■町田の優位は変わらないが…

 前半終了間際に失点した町田は、2対1で後半を迎えた。清水はここ数試合と同じように、4-2-3-1から3-4-2-1へシステムを変更してきた。

 守備時は4-2-3-1から4-4-2へ可変する町田は、藤尾、髙橋、右MFバスケス・バイロン、左MF平河悠が相手のビルドアップに規制をかけていく。前半に比べてプレスが乱れることはなかったが、相手がピッチの幅を広く使ってボールを動かしてきたことで、スライドの距離が長くなっていく。

 61分、清水のMF乾貴士にドリブルシュートを決められ、2対2の同点とされる。町田の黒田剛監督は直後に3選手を入れ替え、システムも3-4-2-1とする。しかし、戦況を好転させることにはつながらない。
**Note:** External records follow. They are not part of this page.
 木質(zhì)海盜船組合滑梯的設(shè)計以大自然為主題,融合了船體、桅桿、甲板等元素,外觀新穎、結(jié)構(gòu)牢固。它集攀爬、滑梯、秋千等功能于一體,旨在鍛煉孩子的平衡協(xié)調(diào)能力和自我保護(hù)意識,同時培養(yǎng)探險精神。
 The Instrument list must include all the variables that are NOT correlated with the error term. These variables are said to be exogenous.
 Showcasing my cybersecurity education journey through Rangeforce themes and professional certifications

 5枚目となる次の交代カードは、清水FWチアゴ・サンタナに強烈なヘディングゴールを決められ2対3と逆転された直後の85分だった。エリキの負傷交代がなければ、2対2の時間帯に交代カードを使うことができたはずだ。もう一度出力をあげる交代ができたはずである。
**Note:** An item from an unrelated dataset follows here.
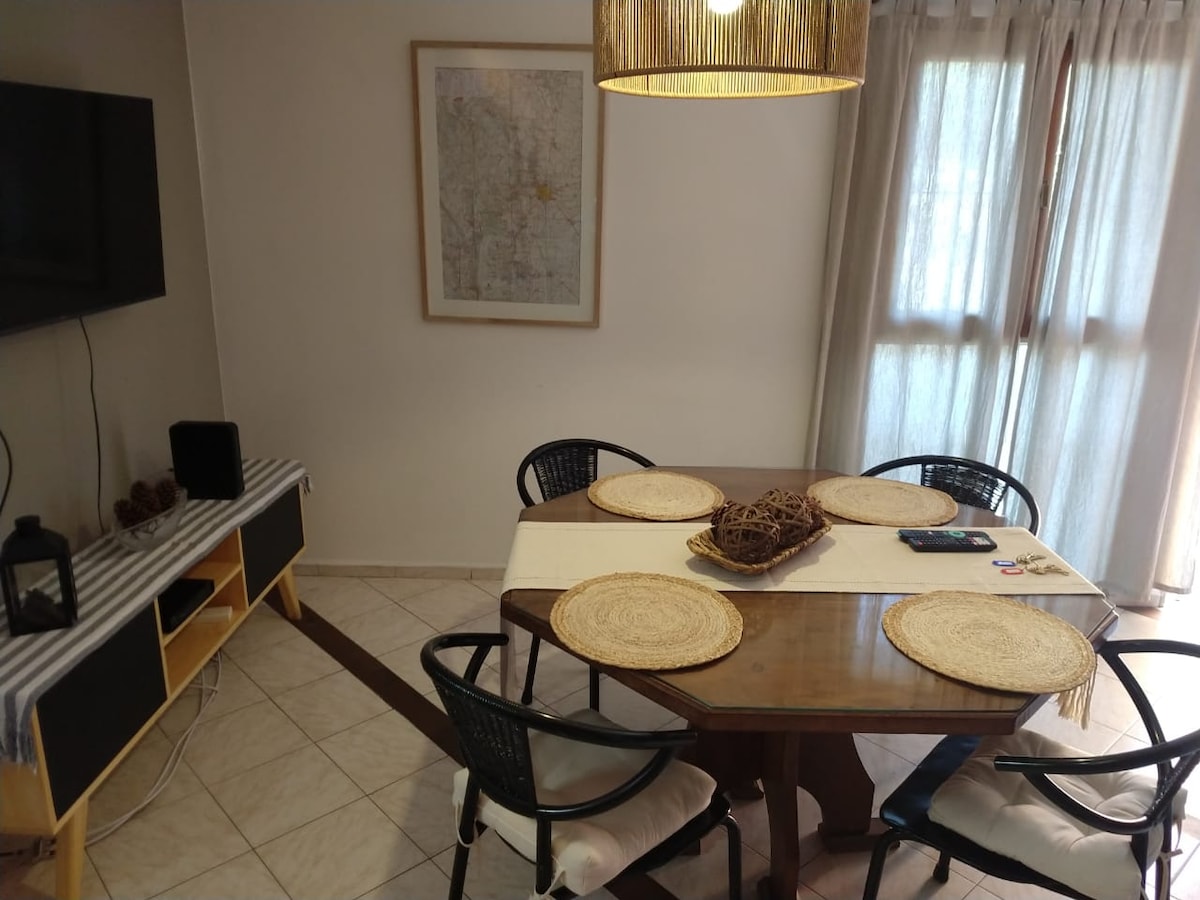 3-rumslägenhet, fullt utrustad, 2 enkelsängar, 1 dubbelsäng (queen), 1 extra enkelsäng, Smart-TV, luftkonditionering, fullt utrustat badrum med dusch, fullt utrustat kök, bordsartiklar, sängkläder, extern PB, uteplats, i centrum i Nuevocentro Shopping area (Pasaje Groppo al 1000) Mycket trevligt område, med lugnet i ett grannskap men steg från centrum. Rymmer 16:00 eller 17:00.

 前節の磐田戦後、黒田監督は「ここ(清水戦)で勝てばさらに優勝が近づく」と話していたが、清水戦後には「前半のうちに交代カードを使わなければならなかったことが、計算を狂わせた」と唇を噛んだ。

 31節を終えた上位陣の成績は、首位の町田が勝点63、2位の磐田が勝点57、3位の清水が勝点55となっている。磐田との勝点差は「6」、清水との勝点差は「8」に縮まったが、町田は消化試合がひとつ少ない。延期されているブラウブリッツ秋田戦に勝利すれば、磐田とは勝点9差、清水とは勝点11差となる。

 リーグ戦のセオリーとして、勝点5差を埋めるには5試合が、勝点10差を詰めるには10試合が必要と言われる。J1昇格争いで町田が優位に立っているのは、依然として変わらない。

 町田が避けるべきは連敗である。次節は6位タイのモンテディオ山形をホームに迎え撃つ。5連勝で一気にJ1昇格プレーオフ圏へ浮上してきた山形を叩くことで、追いすがるライバルたちにプレッシャーをかけていきたい。